And tell business guys that we're getting lots of accountability bang for our buck. Because who cares if it's really doing the job as long as it's cheap?
Argument: We can't treat schools like businesses
Advice: People don't want to think of schools as cutthroat, but tell them we need to know if the school is getting results. "Parents have a right to know if their kids are getting the best education they can." Then, I guess, cross your fingers and hope that parents don't ask, "So what does this big standardized test have to do with knowing if my child is getting a great education?"
People want results and like accountability (in theory). "Do normalize the practice of measuring performance." Just don't let anybody ask how exactly a standardized test measures the performance of a whole school. But do emphasize how super-important math and reading are, just in case anyone wants to ask how the Big Standardized Test can possibly measure the performance of every other part of the school.
At the same time, try not to make this about the teachers and how their evaluation system is completely out of whack thanks to the completely-debunked idea of VAM (this guide does not mention value-added). Yes, it measures teacher performance, but gosh, we count classroom observation, too. "First and foremost the tests were created to help parents and teachers know if a student is reading and doing math at the level they should."
Yikes-- so many questions should come up in response to this. Like, we've now been told multiple reasons for the test to be given-- is it possible to design a single test that works for all those purposes? Or, who decides what level the students "should" be achieving?
The writer wants you to know that the facts are on your side, because there's a 2012 study that shows a link between 7 year old reading and math ability and social class thirty-five years later. From the University of Edinburgh. One more useful talking point to use on people who don't understand the difference between correlation and causation.
Argument: It's just more teaching to the test
Advice: A hailstorm of non-sequitors. You should agree with them that teaching to the test is a waste of time, but the new tests are an improvement and finally provide parents with valuable information.
Okay, so not just non-sequitors, but also Things That Aren't True. The writer wants you to argue essentially that new generation tests are close to authentic assessment (though we don't use those words), which is baloney. We also recycle the old line that these tests don't just require students to fill in the blanks with facts they memorized last week. Which is great, I guess, in the same way that tests no longer require students to dip their pens in inkwells.
As always, the test prep counter-argument depends on misrepresenting what test prep means. Standardized tests will always require test prep, because any assessment at all is a measure of tasks that are just like the assessment. Writing an essay is an assessment of how well a student can write an essay. Shooting foul shots is a good assessment of how well a player can shoot foul shots. Answering standardized test questions is an assessment of how well a student answers standardized test questions, and so the best preparation for the test will always be learning to answer similar sorts of test questions under similar test-like conditions, aka test prep.
The business-specific talking point is actually dead-on correct-- "What gets measured gets done!" And what gets measured with a standardized test is the ability to take a standardized test, and therefor teachers and schools are highly motivated to teach students how to take a standardized tests. (One might also ask what implications WGMGD has for all the subjects that aren't math and reading.)
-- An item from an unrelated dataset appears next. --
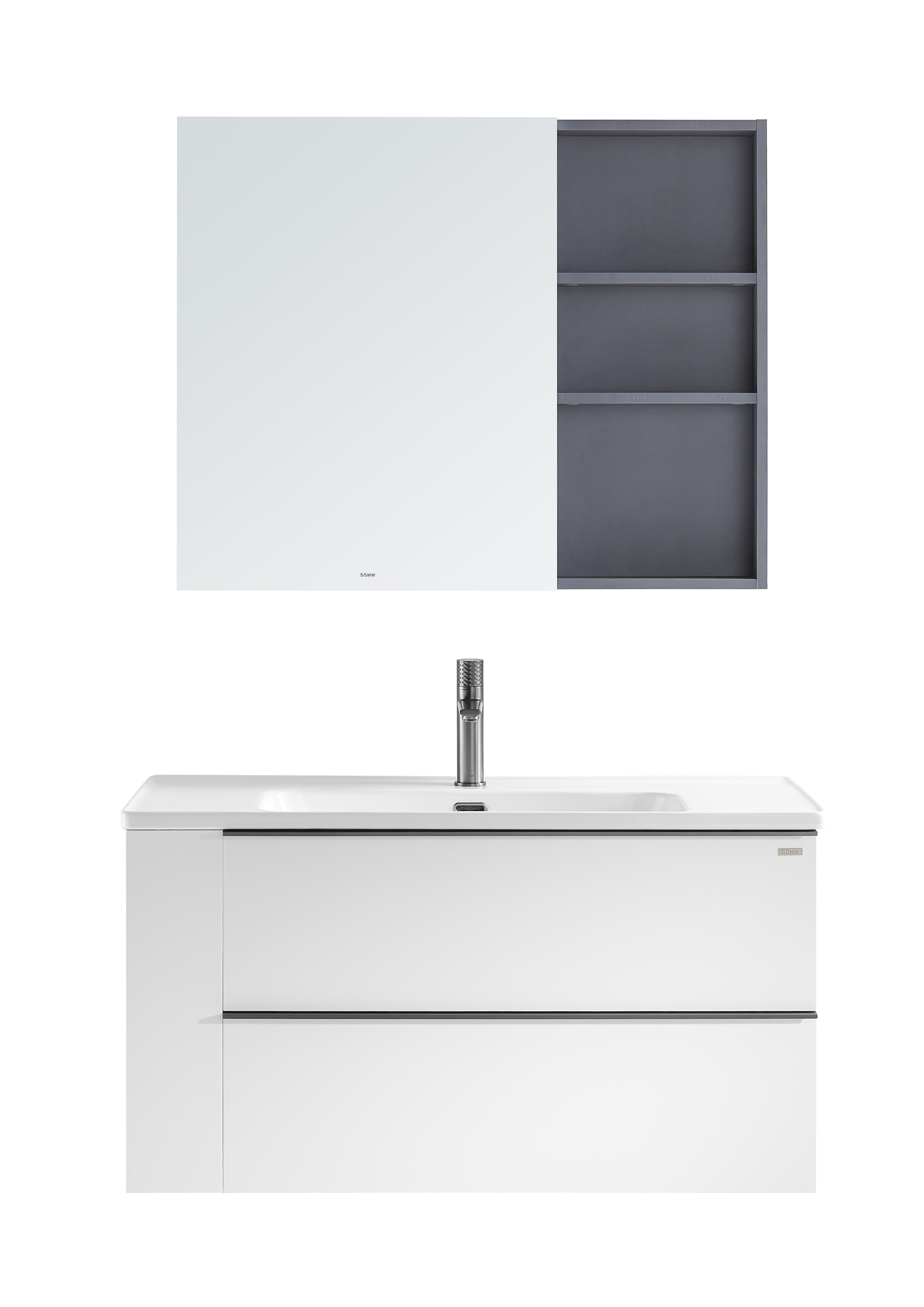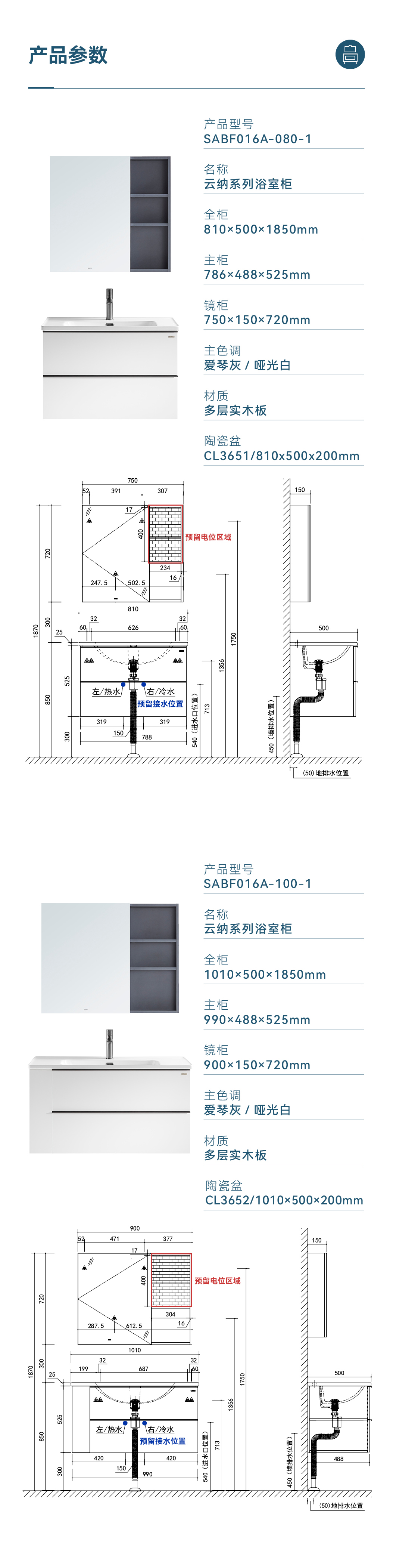 全柜:1010×500×1850mm 主柜:990×488×525mm 鏡柜:900×150×720mm 主色調(diào):愛琴灰/啞光白 材質(zhì):多層實木板 陶瓷盆:CL3652/1010×500×200mm

The suggestion for teacher-specific message is hilarious-- "The new tests free teachers to do what they love: create a classroom environment that's about real learning, teaching kids how to get to the answer, not just memorize it." And then after school the children can pedal home on their pennyfarthings and stop for strawberry phosphates.
Argument: One size doesn't fit all
This is really the first time the sheet resorts to a straw man, saying of test opponents that "they want parents to feel that their kids are too unique for testing." Nope (nor can one be "too unique" or "more unique" or "somewhat pregnant"). I don't avoid one-size-fits-all hats because I think I'm too special; I just know that they won't fit.
But the advice here is that parents need to know how their kids are doing at reading and math because all success in life depends on reading and math. And they double down on this as well:
There are many different kinds of dreams and aspirations, with one way to get there: reading and math... There isn't much you can do without reading and math... Without solid reading and math skills, you're stuck
And, man-- I am a professional English teacher. It is what I have devoted my life to. But I'll be damned if I would stand in front of any of my classes, no matter how low in ability, and say to them, "You guys read badly, and you are all going to be total failures in life because you are getting a lousy grade in my class." I mean-- I believe with all my heart that reading and writing are hugely important skills, but even I would not suggest that nobody can amount to anything in life without them.
Then there's this:
It's not about standardization. Quite the opposite. It's about providing teachers with another tool, getting them the information they need so they can adapt their teaching and get your kids what they need to reach their full potential.
So here's yet another alleged purpose for the test, on top of the many others listed so far. This is one magical test, but as a parent, I would ask just one question-- When will the test be given, and when will my child's teacher get back the results that will inform these adaptations? As a teacher, I might ask how I'll get test results that will both tell me what I have yet to do this year AND how well I did this year. From the same test! Magical, I'm telling you!
Argument: A drop in scores is proof
I didn't think the drop in test scores was being used as proof of anything by defenders of public ed. We know why there was a drop-- because cut scores were set to insure it.
Advice: present lower test scores as proof of the awesomeness of these new, improved tests. But hey-- look at this:
We expected the drop in scores. Any time you change a test scores drop. We know that. Anything that's new has a learning curve.
But wait. I thought these new improved tests didn't require any sort of test prep, that they were such authentic measures of what students learn in class that students would just transfer that learning seamlessly to the new tests. Didn't you say that? Because it sounds now like students need a few years to get the right kind of test preparation do well on these.
Interesting don'ts on this one--don't trot out the need to have internationally competitive standards to save the US economy with college and career ready grads.
Argument: Testing is bad. Period.
Advice: Yes, tests aren't fun. They're not supposed to be. But tests are a part of life. "They let us know we're ready to move on." So, add one more item to the Big List of Things The Test Can Do.
Number one thing to do? Normalize testing. Tests are like annual checkups with measures for height and weight, which I guess is true if all the short kids are flunked and told they are going to fail at life and then the doctors with the most short kids get paid less by the insurance company and given lower ratings. In that case then, yes, testing is just like a checkup.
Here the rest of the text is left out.